Adams has a lot of changes in mind when it comes to how the city serves its residents and it starts with the basic services residents need. The internet has moved signing up for SNAP benefits, starting and registering a small business and applying for public housing to digital applications.
However, these are still slow, time-consuming processes that require a significant amount of information and patience and knowing the right people. The city’s digital divide adds yet another degree of difficulty to these operations for low-income and immigrant residents.
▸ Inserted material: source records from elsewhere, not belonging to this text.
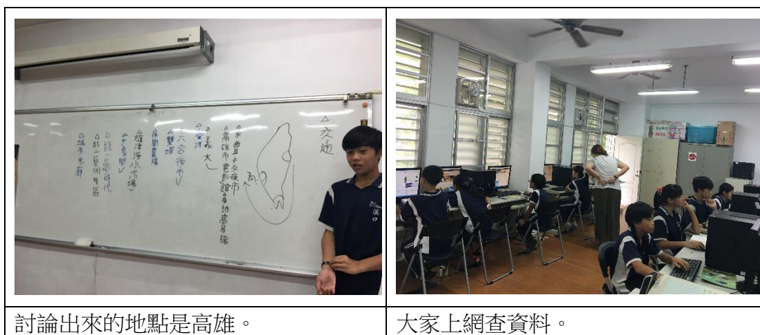
討論出來的地點是高雄。

首先，由班長帶領我們討論畢業旅行的目的地與各景點，因此我們先到電腦教室搜尋相關的資訊。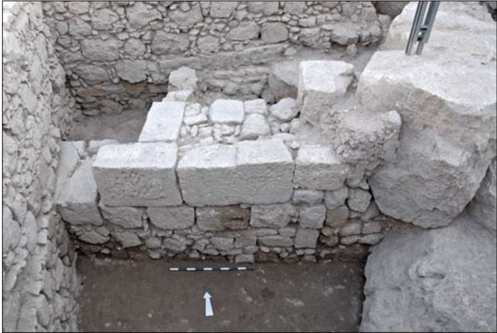
איור 4. צידו המזרחי של פתח הכניסה למבנה החשמונאי. יסודות המבנה מן התקופה הרומית המאוחרת מושתתים מעליו. מבט לצפון.

המאוחרת. בחלקו הצפוני, במקום שבו השתמר הסלע לגובה ניכר, חצבו בנאי התקופה חדרים שאותם שילבו כחלק אינטגרלי של המבנה הנדון. אולמות מוארכים השתרעו ממערב לכניסה ורצפותיהם עשויות טיח לבן. עד כה נחפרו שניים מאולמות אלה. תחילתו של מרחב נוסף מתחילה להתגלות מדרום (מתוכנן להיחפר בעתיד). הקיר החוצץ בין שני האולמות שנחפרו נשדד בעת העתיקה.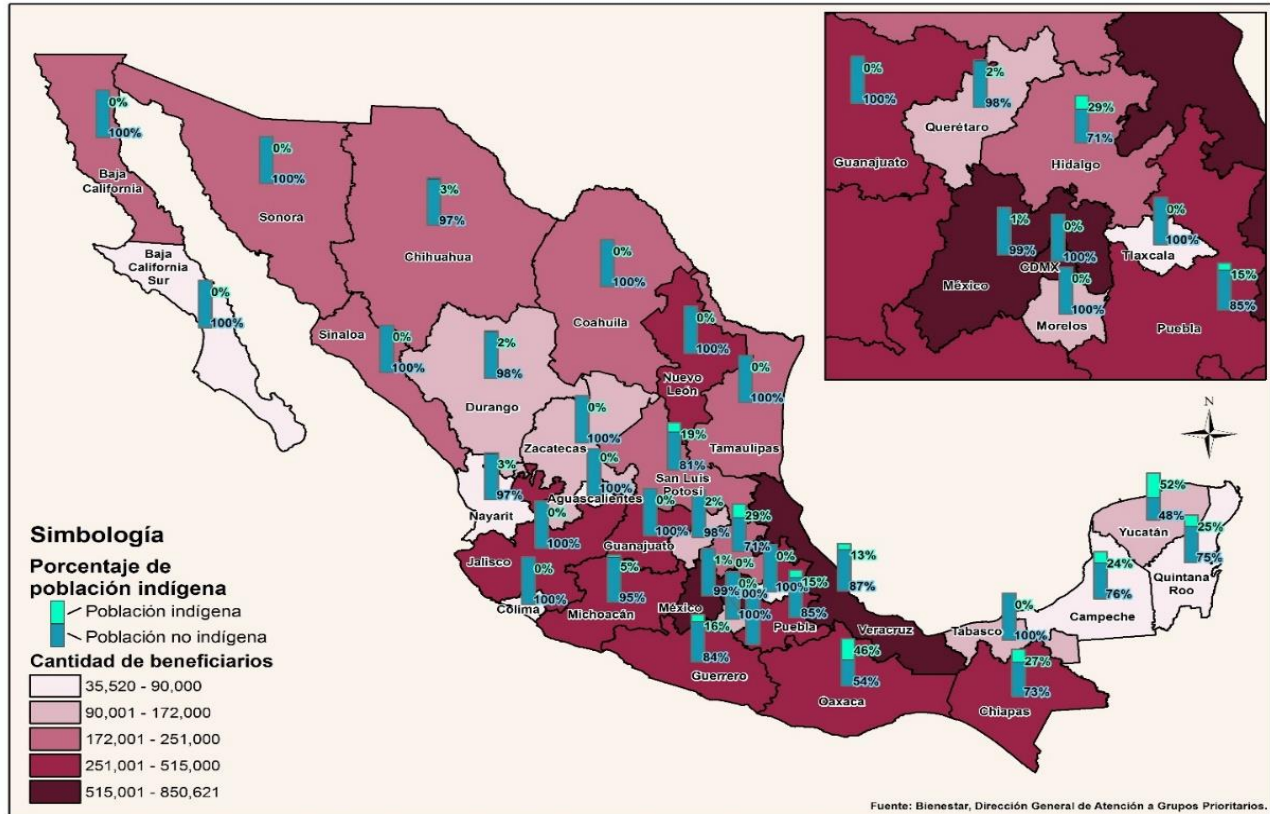
Programa Pensión para el Bienestar de las Personas Adultas Mayores Cantidad de beneficiarios por entidad federativa y población indígena, corte al tercer trimestre 2019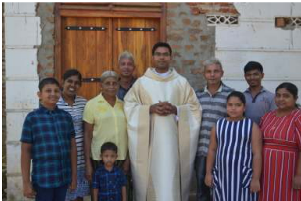
Kapelaan Weerawarna met zijn moeder en twee broers en hun gezinnen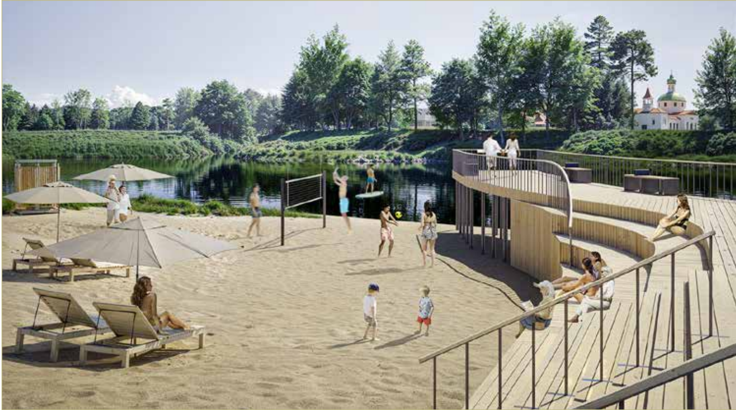
Концепция благоустройства территории берега Мологи в Пестове подготовлена компанией Parts Group.

Концепция предлагает все эти проблемы решить. Деревянный настил позволит создать пространство для

Adams wants to simplify these processes with his My City card. Instead of filling out online applications and hoping your information is correct, the My City card will make it easier to sign up and receive benefits, city services and apply for licenses and certificates.
“The My City card is one of my most important initiatives, although the city has information on all of the city’s residents, we compel citizens to go from A to Z to get the benefits they are afforded,” Adams said. “My City card will allow residents to have all their information in one year and the city will automatically sign residents up for benefits, for WIC, SNAP and public housing. You shouldn’t have to wait for the government to deal with that when we have your information already.”
Adams’ economic plan also includes a citywide job placement and training program, green energy initiatives, summer youth employment programs and tax-free Tuesdays.
The former officer has a bevy of endorsements including Friends of Chinese Americans, Grand Council of Guardians, Italian American Political Action Committee, the Jewish Press, and the New York Daily News (No. 2 in ranked-choice voting).
Additional plans for New York City include a quality education for all city children, affordable housing and revolutionizing NYCHA.
When the Marist College alum isn’t campaigning, he loves riding his bike around the city and is also a plant-based eater who enjoys cooking.
“I enjoy riding around the city because it’s a different vision when you’re riding,” Adams said.
Adams believes its high time big cities stop being reactionary to their problems and begin preventing them before they start, and he wants to be the guy to do it. Some of the public figures who are endorsing Adams include Reps. Adriano Espaillat and Thomas Suozzi; Bronx Borough President Ruben Diaz Jr. and Queens Borough President Donovan Richards.
“All we do in big cities across America — Chicago, Atlanta, Detroit — is hang out downstream in the river and pull people out of the river and they’re mostly Black, brown and immigrants,” Adams said. “It’s actually cheaper to stop them from falling in. It’s cheaper to educate someone, deal with mental health and feed our children healthy food instead of pulling them out of the river downstream, when they’re arrested or homeless or have diabetes.
“It’s just that there’s no incentive to do it because the people who are being pulled out of the river are Black brown and immigrants and the people who make money from that aren’t Black, brown or immigrants. So it’s time to take our cities upstream and prevent these issues.”